**EXERCISE:**
Your output should be the lines below from the one holding "活动中,孩子们在老师的带领下" through the one holding "在今年2015年12月的某一", transcribed exactly, with no pictures.

**PROVIDED RECORDS:**

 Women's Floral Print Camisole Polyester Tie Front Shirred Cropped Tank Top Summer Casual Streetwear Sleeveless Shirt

---

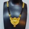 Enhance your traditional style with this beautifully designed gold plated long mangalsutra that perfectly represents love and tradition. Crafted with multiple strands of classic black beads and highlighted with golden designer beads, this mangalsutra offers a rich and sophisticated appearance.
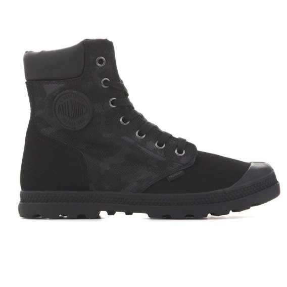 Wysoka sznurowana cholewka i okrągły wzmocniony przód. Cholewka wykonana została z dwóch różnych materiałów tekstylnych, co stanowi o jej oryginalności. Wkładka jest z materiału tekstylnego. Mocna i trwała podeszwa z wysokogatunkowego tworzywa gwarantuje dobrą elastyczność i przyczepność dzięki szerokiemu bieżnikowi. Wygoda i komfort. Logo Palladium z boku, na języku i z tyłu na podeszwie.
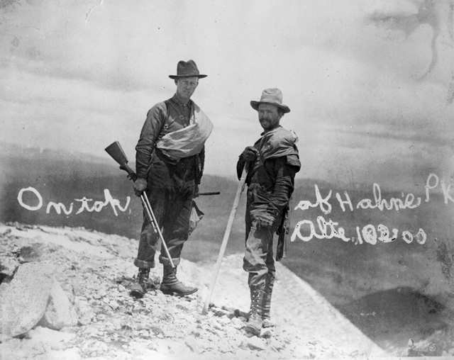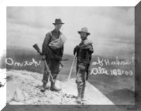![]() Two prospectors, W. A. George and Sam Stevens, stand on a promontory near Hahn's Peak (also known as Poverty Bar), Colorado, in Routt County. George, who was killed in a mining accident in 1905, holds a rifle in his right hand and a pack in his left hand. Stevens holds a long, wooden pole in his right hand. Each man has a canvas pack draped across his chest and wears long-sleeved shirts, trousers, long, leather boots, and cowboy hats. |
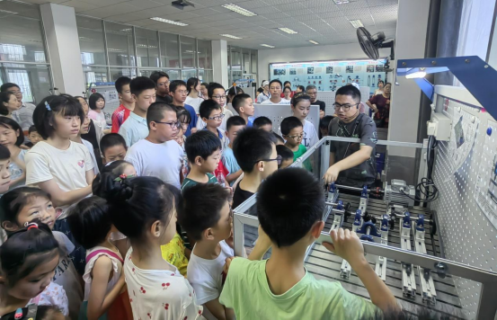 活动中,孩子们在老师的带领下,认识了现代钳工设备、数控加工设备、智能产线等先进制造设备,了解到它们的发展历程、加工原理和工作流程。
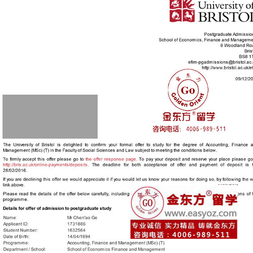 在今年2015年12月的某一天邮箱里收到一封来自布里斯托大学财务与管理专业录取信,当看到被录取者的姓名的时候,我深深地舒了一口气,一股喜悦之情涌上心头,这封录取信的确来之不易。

--

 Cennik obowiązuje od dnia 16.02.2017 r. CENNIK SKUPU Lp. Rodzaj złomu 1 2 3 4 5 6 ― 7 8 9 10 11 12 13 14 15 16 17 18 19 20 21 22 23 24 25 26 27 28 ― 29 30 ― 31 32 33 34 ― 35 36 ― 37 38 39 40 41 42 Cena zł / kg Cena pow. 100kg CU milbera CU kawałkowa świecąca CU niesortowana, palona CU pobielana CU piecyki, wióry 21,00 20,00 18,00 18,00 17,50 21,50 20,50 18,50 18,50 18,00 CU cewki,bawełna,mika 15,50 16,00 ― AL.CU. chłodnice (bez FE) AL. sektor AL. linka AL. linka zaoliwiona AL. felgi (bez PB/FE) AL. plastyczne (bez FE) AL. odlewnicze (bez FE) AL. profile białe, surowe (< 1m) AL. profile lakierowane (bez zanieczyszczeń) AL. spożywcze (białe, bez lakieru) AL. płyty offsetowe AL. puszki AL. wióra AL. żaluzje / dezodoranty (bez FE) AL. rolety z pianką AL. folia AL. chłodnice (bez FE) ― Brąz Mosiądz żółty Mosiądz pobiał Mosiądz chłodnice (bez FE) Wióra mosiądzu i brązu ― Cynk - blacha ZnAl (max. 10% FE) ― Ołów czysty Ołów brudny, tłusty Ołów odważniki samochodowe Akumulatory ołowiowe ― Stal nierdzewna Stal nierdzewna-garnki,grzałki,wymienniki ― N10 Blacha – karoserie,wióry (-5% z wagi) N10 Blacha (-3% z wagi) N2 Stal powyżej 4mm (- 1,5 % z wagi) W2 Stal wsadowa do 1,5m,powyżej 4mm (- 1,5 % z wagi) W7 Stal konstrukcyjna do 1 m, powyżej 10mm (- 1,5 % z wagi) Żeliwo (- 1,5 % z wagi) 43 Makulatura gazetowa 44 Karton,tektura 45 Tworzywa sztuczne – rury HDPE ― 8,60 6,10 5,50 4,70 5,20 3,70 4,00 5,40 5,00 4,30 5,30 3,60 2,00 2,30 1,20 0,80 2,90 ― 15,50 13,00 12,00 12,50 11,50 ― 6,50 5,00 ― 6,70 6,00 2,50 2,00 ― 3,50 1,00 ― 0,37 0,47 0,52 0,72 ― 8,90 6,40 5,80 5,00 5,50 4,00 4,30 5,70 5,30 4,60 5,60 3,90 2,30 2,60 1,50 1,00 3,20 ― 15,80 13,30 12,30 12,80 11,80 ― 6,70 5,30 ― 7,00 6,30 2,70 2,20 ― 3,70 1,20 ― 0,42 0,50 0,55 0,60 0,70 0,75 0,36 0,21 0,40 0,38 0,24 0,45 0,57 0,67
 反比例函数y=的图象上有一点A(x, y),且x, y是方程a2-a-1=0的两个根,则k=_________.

**EXERCISE RESULT:**
 活动中,孩子们在老师的带领下,认识了现代钳工设备、数控加工设备、智能产线等先进制造设备,了解到它们的发展历程、加工原理和工作流程。
 在今年2015年12月的某一天邮箱里收到一封来自布里斯托大学财务与管理专业录取信,当看到被录取者的姓名的时候,我深深地舒了一口气,一股喜悦之情涌上心头,这封录取信的确来之不易。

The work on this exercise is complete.